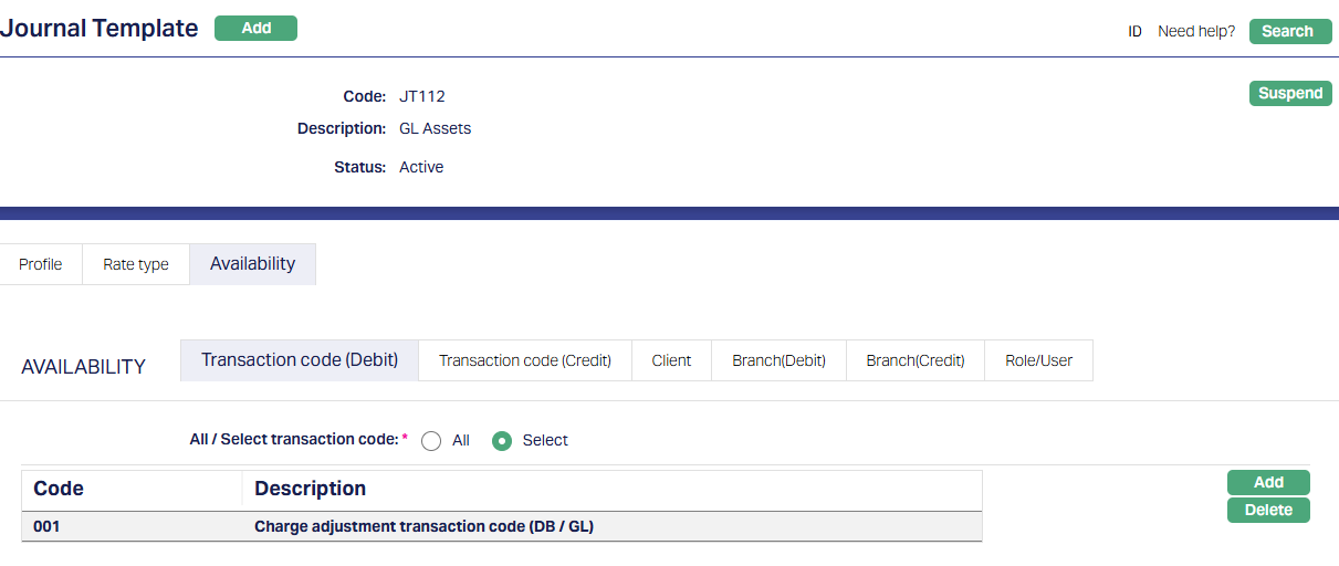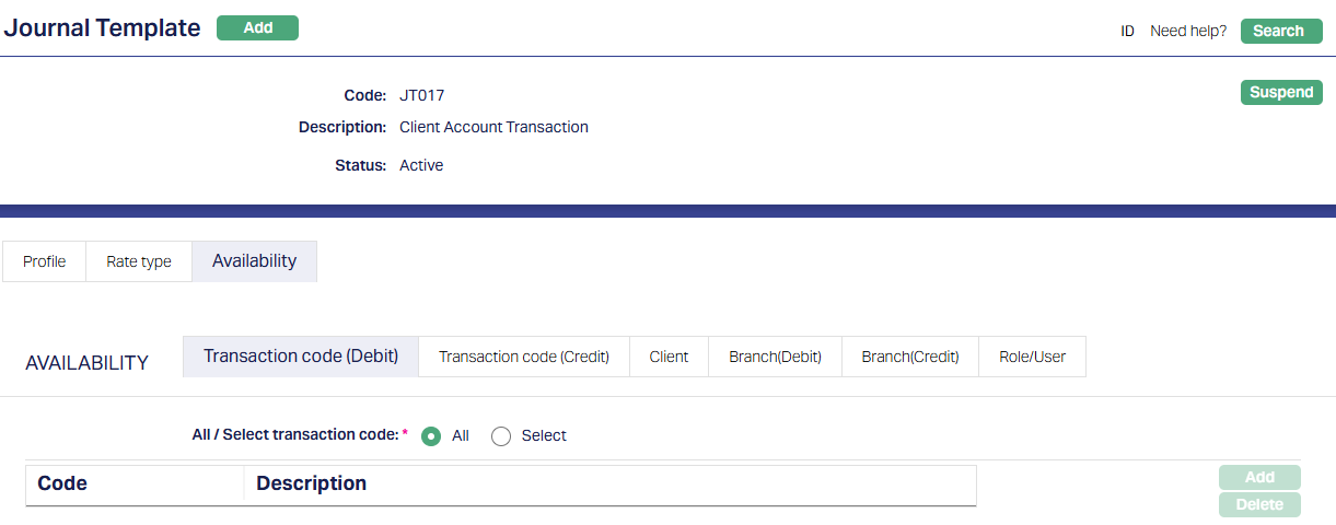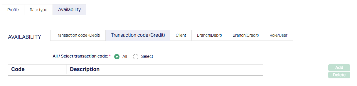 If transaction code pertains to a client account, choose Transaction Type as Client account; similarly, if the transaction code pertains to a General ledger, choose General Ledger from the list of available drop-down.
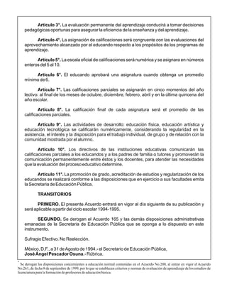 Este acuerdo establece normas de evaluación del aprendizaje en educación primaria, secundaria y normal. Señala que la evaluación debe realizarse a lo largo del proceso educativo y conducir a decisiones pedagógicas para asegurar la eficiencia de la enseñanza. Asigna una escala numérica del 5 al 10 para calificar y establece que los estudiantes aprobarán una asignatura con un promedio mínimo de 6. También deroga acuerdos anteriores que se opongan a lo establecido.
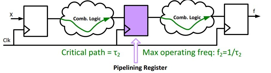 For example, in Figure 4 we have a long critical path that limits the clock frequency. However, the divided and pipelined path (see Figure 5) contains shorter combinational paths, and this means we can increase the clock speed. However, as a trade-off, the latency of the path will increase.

...

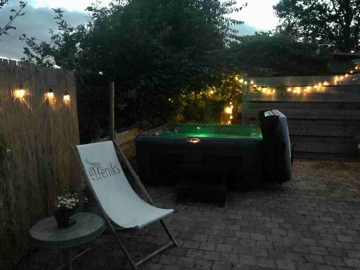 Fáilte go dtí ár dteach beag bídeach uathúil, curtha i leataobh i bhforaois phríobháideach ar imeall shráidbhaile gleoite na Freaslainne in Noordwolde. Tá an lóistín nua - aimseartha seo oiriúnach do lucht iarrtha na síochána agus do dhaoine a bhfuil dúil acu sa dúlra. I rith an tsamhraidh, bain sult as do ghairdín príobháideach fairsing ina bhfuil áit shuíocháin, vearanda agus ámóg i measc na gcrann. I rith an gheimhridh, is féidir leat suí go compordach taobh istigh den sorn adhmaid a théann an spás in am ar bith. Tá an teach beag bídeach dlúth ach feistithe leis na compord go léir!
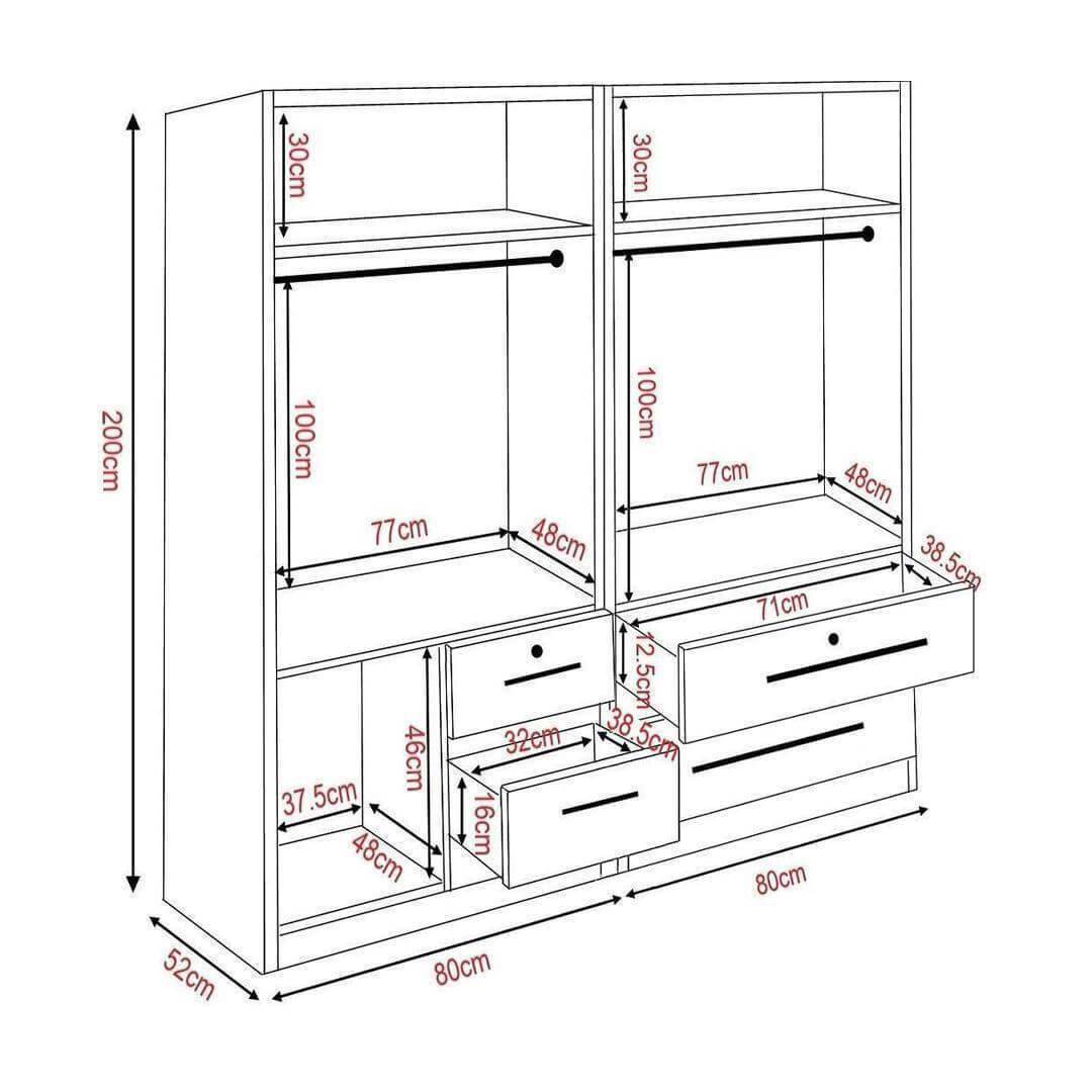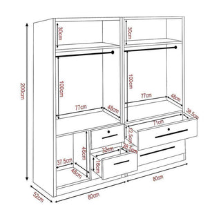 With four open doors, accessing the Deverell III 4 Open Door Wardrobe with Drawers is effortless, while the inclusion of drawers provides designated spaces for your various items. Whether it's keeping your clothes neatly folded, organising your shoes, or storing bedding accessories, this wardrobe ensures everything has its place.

WHAT IS EXPECTED:
What is wanted is an exact copy of the lines above from the one containing "If transaction code" through the one containing "For example, in", with no pictures in it.

OUTPUT FOR THIS EXERCISE:
 If transaction code pertains to a client account, choose Transaction Type as Client account; similarly, if the transaction code pertains to a General ledger, choose General Ledger from the list of available drop-down.
 Este acuerdo establece normas de evaluación del aprendizaje en educación primaria, secundaria y normal. Señala que la evaluación debe realizarse a lo largo del proceso educativo y conducir a decisiones pedagógicas para asegurar la eficiencia de la enseñanza. Asigna una escala numérica del 5 al 10 para calificar y establece que los estudiantes aprobarán una asignatura con un promedio mínimo de 6. También deroga acuerdos anteriores que se opongan a lo establecido.
 For example, in Figure 4 we have a long critical path that limits the clock frequency. However, the divided and pipelined path (see Figure 5) contains shorter combinational paths, and this means we can increase the clock speed. However, as a trade-off, the latency of the path will increase.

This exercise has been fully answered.